I see it as the opposite - the interesting discussion happened because we didn't have to spend yet more time discussing once again why specific framings are dogwhistles for bigoted arguments. That, by the way, is the context of the term "JAQing off" - the use of "just asking questions" to force discussion on lines of inquiry that have long since been debunked, forcing effort to be wasted on debunking them yet again.

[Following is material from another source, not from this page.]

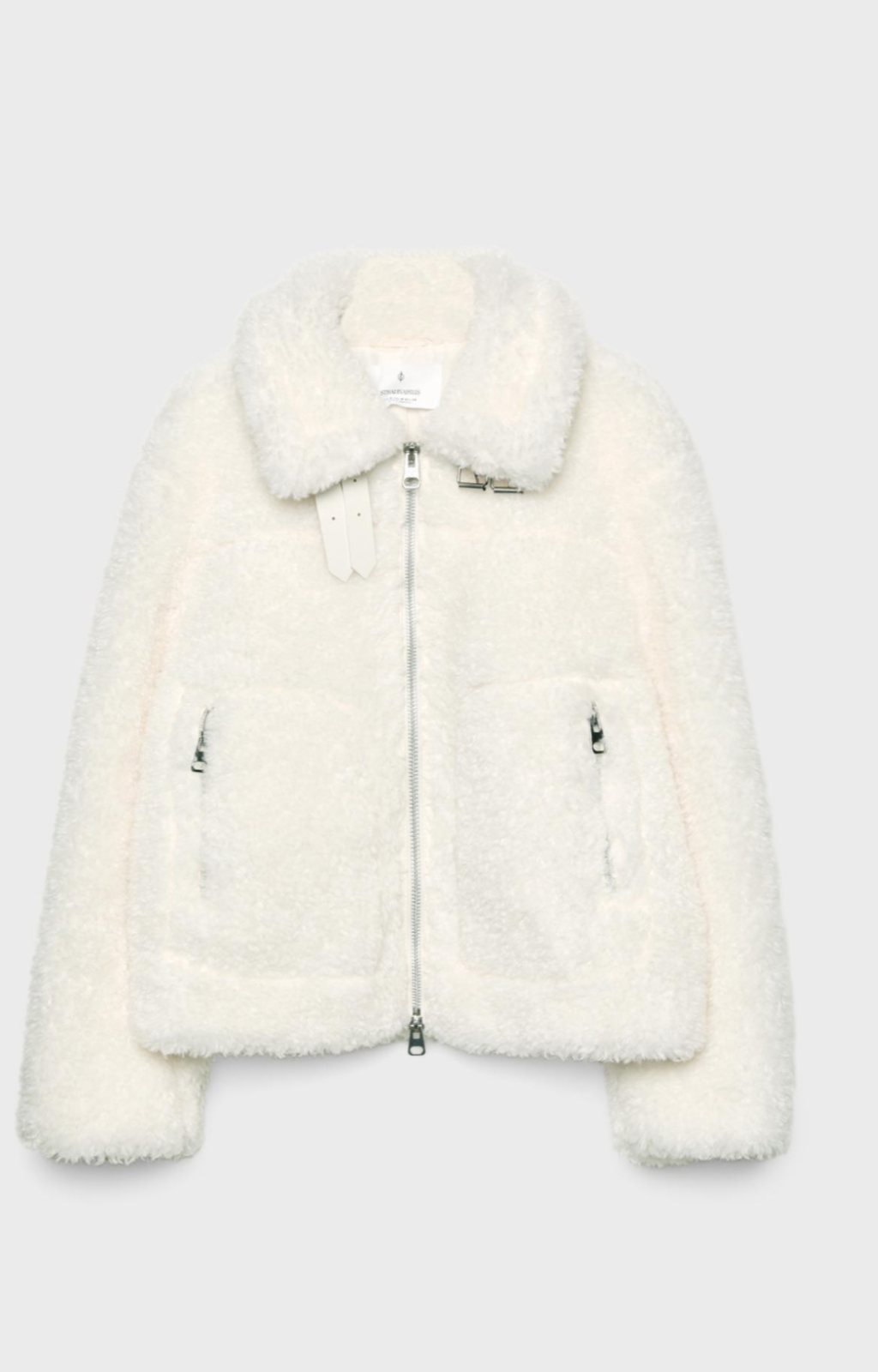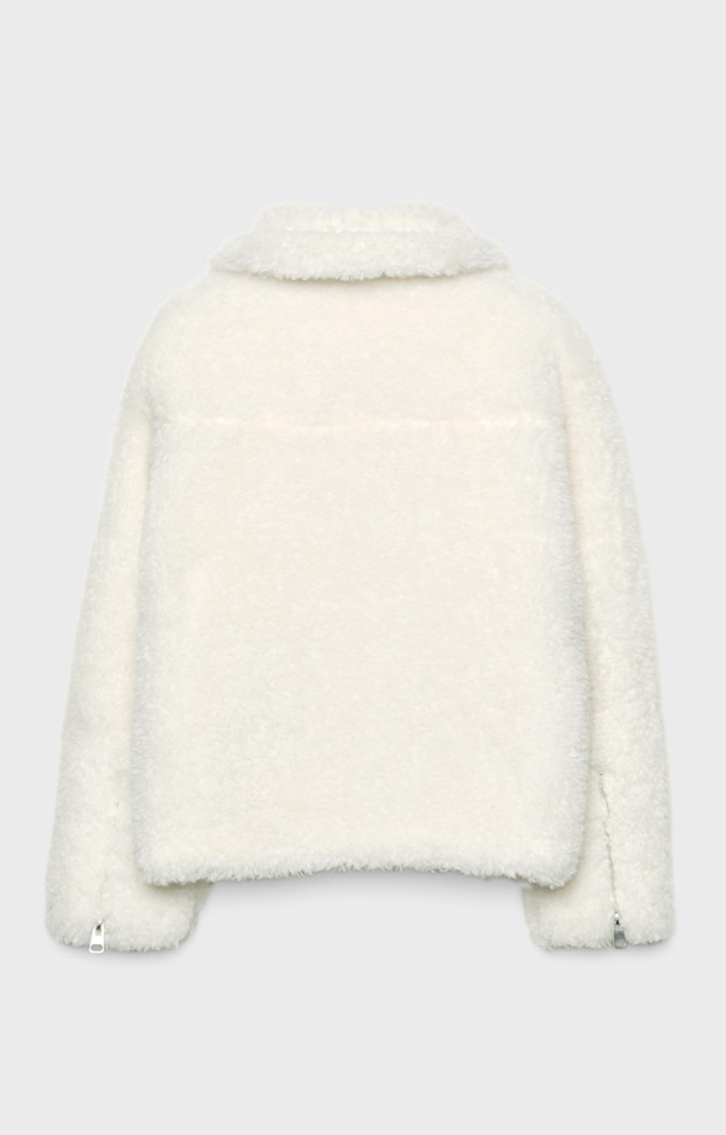 Cazadora estilo aviador de efecto borreguillo blanco.

the point i and others are getting at is how and when topics and arguments should be identified as being raised in bad faith or otherwise being bullshit,

It's really not that difficult - bad faith isn't all that hidden. The big ways are:

* Did the person do their homework (that is, do they show some understanding of the topic at hand?) Of course, this requires you to have some understanding of the subject. But if you do, and it's clear that the person presenting the topic hasn't, you are not obligated to be an educator. Now, you may choose to be in order to present the topic properly, but it's worth noting that doing so can draw effort from you.

* Are they presenting several questionable arguments in a row? This is a well known bad faith argument known as the Gish gallop, meant to overwhelm people with a deluge of arguments. (And yes, the thread in the OP is a variant in my opinion.)

* Are they using disingenuous/dishonest arguments? This was what people picked up with #21 in particular - the use of several dishonest techniques like using an outlier as a representative sample and dishonest equation of dissimilar measurements.

* Are they using known dogwhistles? Again, this requires awareness on your part - but it's worth learning these so that you can catch them when brought up.

Now, none of these are singularly dispositive, but the more of them that wind up being present, the more likely that the person is operating in bad faith.
posted by NoxAeternum at 11:47 AM on July 18, 2023 [4 favorites]


i'd agree with that on bad faith as applied to arguments, sure. thinking about it more, part of the issue may be a tendency to conflate arguments with topics, and bad faith with bullshit (which i am also guilty of).

an argument purports to be a statement of facts and is a means to an end, which can be made in bad faith ("90% of respondents to our survey are concerned about illegal immigration to the uk, therefore the government should push back boats in the channel") and / or be bullshit ("a million illegal migrants entered the uk in 2022"). in either case, one can be justified in dismissing it.

a topic is the broader subject that people make arguments about (illegal migration to the uk). i'm not sure a topic is capable of being inherently bad faith, though admittedly i haven't thought about it that hard. a narrowly defined topic can be bullshit, in the sense that any argument treating that topic as worthy of engagement is necessarily bad faith and / or bullshit (e.g. the topic of how the million illegal migrants who entered the uk in 2022 have impacted social service provision in the north of england). those topics can be dismissed. but most topics aren't bullshit, and can be the subject of reasoned and good faith arguments.

i agree that a number of the thread's arguments are bullshit, and possibly made in bad faith (although i'm more inclined to see the guy as stupid rather than malicious), but a sweeping dismissal of the thread on that basis also dismisses its topics, which in general aren't bullshit.

this discussion benefited from having had multiple early comments expressing interest in the topics raised, but that's not always the case and, as cupcakeninja said, a sweeping dismissal of a link tout court not infrequently stops, preempts or derails what would otherwise be a decent discussion. that's not to say framing, red flags etc. shouldn't be pointed out, just that it's worth being precise about what should be dismissed out of hand.